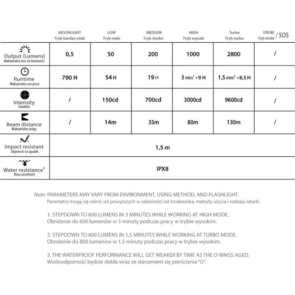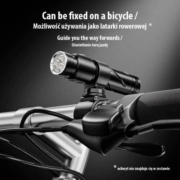 Szczegółowo o blokowani i odblokowywaniu latarki oraz uruchamianiu poszczególnych funkcjonalności można przeczytać w zakładce “Tryby pracy i obsługa”.
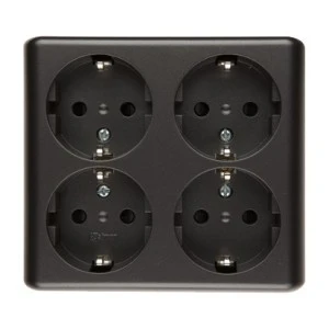Simon 54 Gniazdo poczwórne Schuko natynkowe z przesłonami wersja skandynawska 16A 250V, szybkozłącza, antracyt EGSZ4SNZ/48
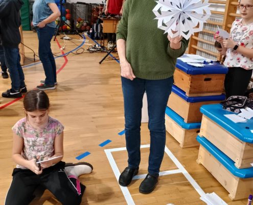 A felső tagozatosok különböző állomásokon próbálhatták ki ügyességüket és tudásukat, beleértve a vidám karácsonyi karaoke-t is, majd egy finom teázás-sütizés következett.
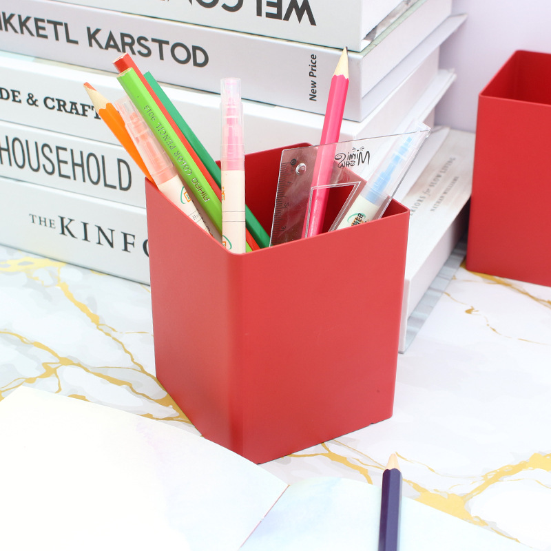 事務用品のシンプルな金属の四角形の筆立ての赤いデスクトップの収納筒の学生の文房具の贈り物はlogoを印刷することができます。

※ ※ ※

ASSIGNMENT — Without any of the pictures, reproduce the listing above exactly.

OUTPUT FOR THIS EXERCISE —
 Szczegółowo o blokowani i odblokowywaniu latarki oraz uruchamianiu poszczególnych funkcjonalności można przeczytać w zakładce “Tryby pracy i obsługa”.
Simon 54 Gniazdo poczwórne Schuko natynkowe z przesłonami wersja skandynawska 16A 250V, szybkozłącza, antracyt EGSZ4SNZ/48
 A felső tagozatosok különböző állomásokon próbálhatták ki ügyességüket és tudásukat, beleértve a vidám karácsonyi karaoke-t is, majd egy finom teázás-sütizés következett.
 事務用品のシンプルな金属の四角形の筆立ての赤いデスクトップの収納筒の学生の文房具の贈り物はlogoを印刷することができます。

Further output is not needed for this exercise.